Gold has seen a healthy run since the first incidence of QE taper, again conforming to the idea that gold is tail risk insurance unrelated to inflation perceptions. That included a January rebuke to the collateral pressure/selloff pattern that we saw too much of in 2013. In the past few days, gold prices have come down a bit and that has coincided (somewhat) with another bout of forward rate incrementalism, bringing back the collateral pressure question.

ABOOK Mar 2014 Gold GOFO

There is any number of possibilities here, including profit taking from speculators, that would offer a compelling explanation for the past few days’ gold trading. However, it would be wrong, in my opinion, to simply ignore the recent change in GOFO.

ABOOK Mar 2014 Gold GOFO Recent

Since forward rates began rising nearly a month ago, any collateral relationship would appear to be far weaker than previously observed. With that in mind, I can’t help but think that there is a spreading illiquidity that might tie gold to copper, and thus China.

ABOOK Mar 2014 Gold GOFO Copper

In some ways, if this is correct, it may have been inevitable given the dollar situation there (more on that in another post). You would have to believe that as dollar liquidity worsens, the more broadly dollar shorts would appeal to keep funding their positions, even if it meant rehypothecating gold claims or leasing gold itself. There is little doubt that a large quantity of physical metal has made its way eastward across the Pacific, so it may be, in theory, available for liquidity alternatives to copper and the PBOC.
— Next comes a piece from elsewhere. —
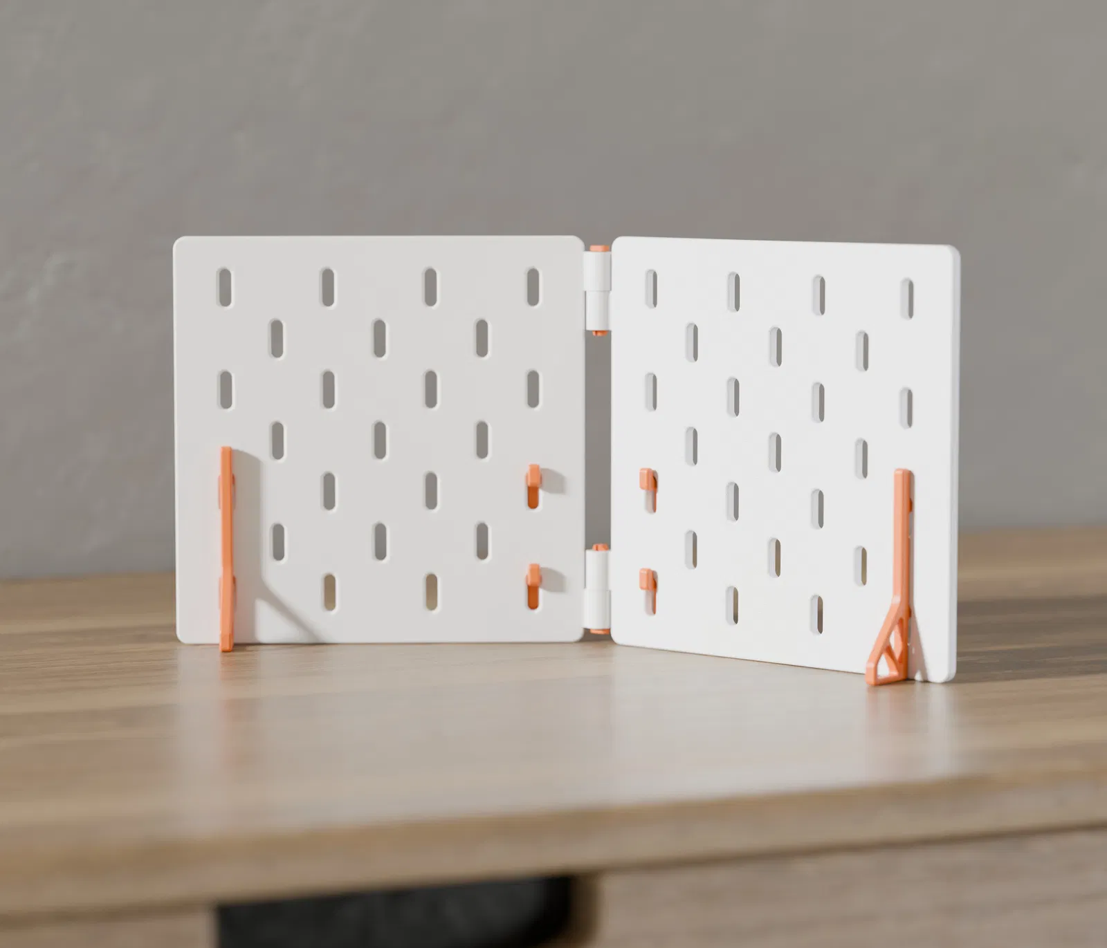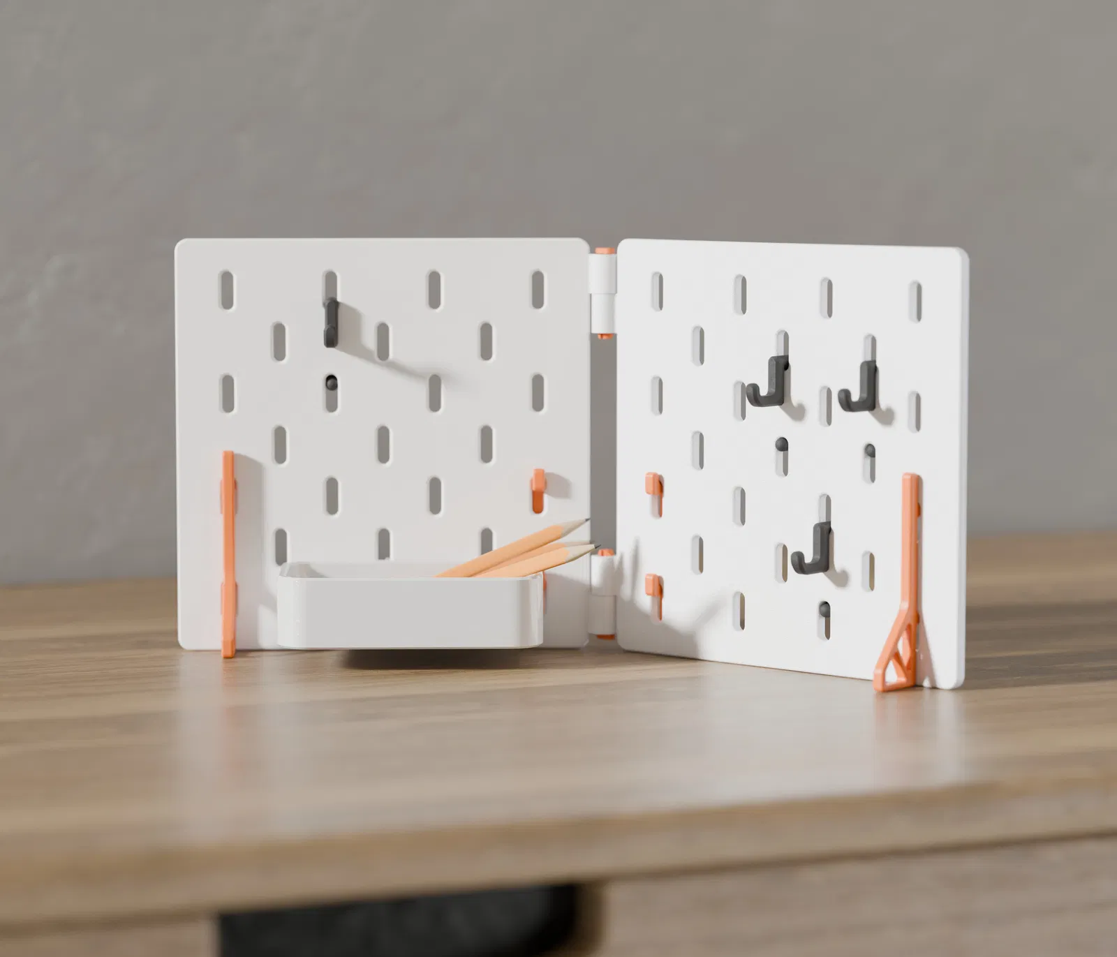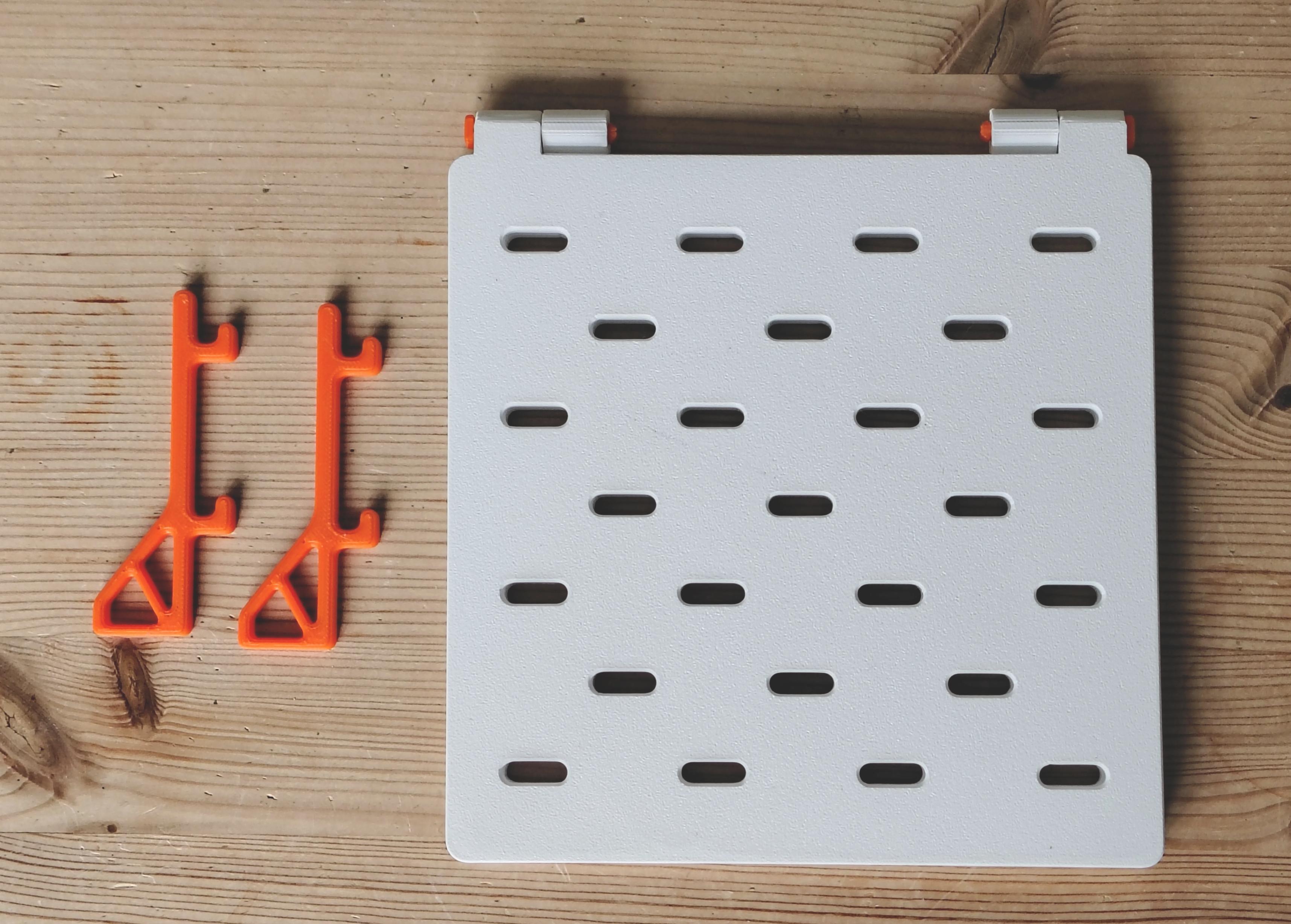 Phiên bản mini gấp gọn của SKADIS pegboard từ IKEA, lý tưởng để tạo không gian lưu trữ nhỏ gọn trên bàn làm việc, trường học hoặc văn phòng. Kích thước phù hợp với khay in Prusa Mini/AI Mini. Có thể ghép nối vô hạn và đi kèm hai loại chân đế cùng chốt kết nối.

I think that is underscored more than in passing fashion by the slight backwardation in copper futures out to July. Such a short tenor of backwardation is the hallmark of collateral issues and liquidity strains. It is, unfortunately given the paucity of direct observation or even inference, a factor that bears closer scrutiny and further analysis before rendering any harder conclusions. With Chinese dollar shorts in clear dysfunction, there may be further gold spillover ahead, particularly as copper gets hammered. Will the safety bid under gold, evident since QE taper, be enough to offset some or all of this copper/China mess?